Matters discussed in this announcement may constitute forward-looking statements. Forward-looking statements are statements that are not historical facts and may be identified by words such as “believe,” “expect,” “anticipate,” “intends,” “estimate,” “will,” “may,” “continue”, “should” and similar expressions. The forward-looking statements in this release are based upon various assumptions, many of which are based, in turn, upon further assumptions. Although the Company believes that these assumptions were reasonable when made, these assumptions are inherently subject to significant known and unknown risks, uncertainties, contingencies and other important factors which are difficult or impossible to predict and are beyond its control.

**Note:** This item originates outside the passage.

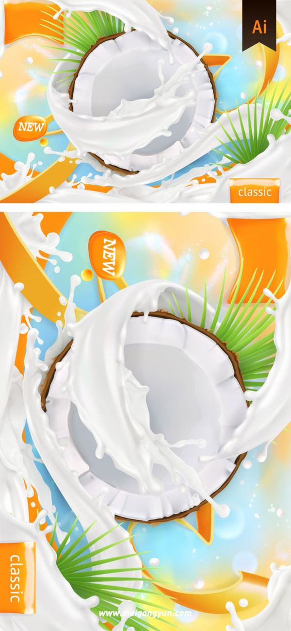 图穷联素材库 » 椰奶矢量宣传海报广告素材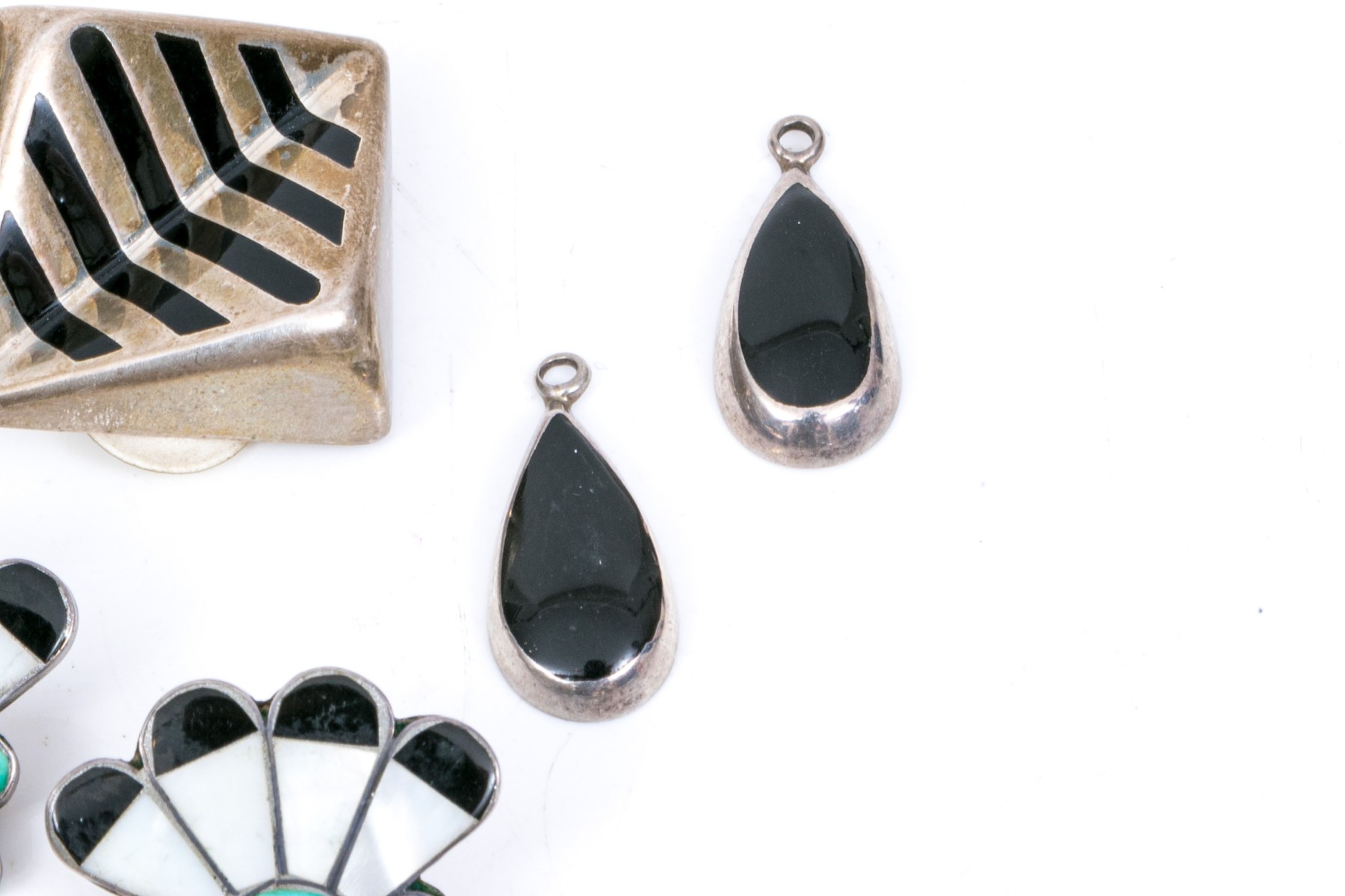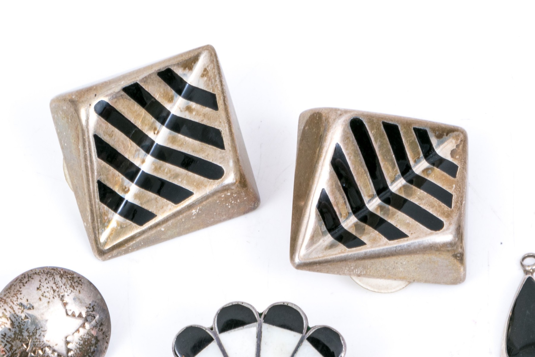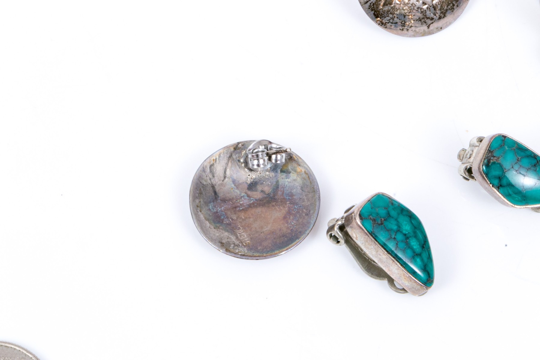 Lot of six assorted sterling silver Southwestern earrings and one pair of jackets, assorted backs

Such risks, uncertainties, contingencies and other important factors could cause actual events to differ materially from the expectations expressed or implied in this release by such forward-looking statements. The information, opinions and forward-looking statements contained in this announcement speak only as at its date, and are subject to change without notice. The Company does not undertake any obligation to review, update, confirm or release publicly any revisions to any forward-looking statements to reflect events that occur or circumstances that arise in relation to the content of this announcement.

In connection with the offer or sale of securities referred to herein, SEB may over-allot securities/conduct stabilization or effect transactions with a view to supporting the market price of the securities at a level higher than that which might otherwise prevail. Any stabilization action or over-allotment will be conducted by SEB and/or its subsidiary in accordance with all applicable laws and rules.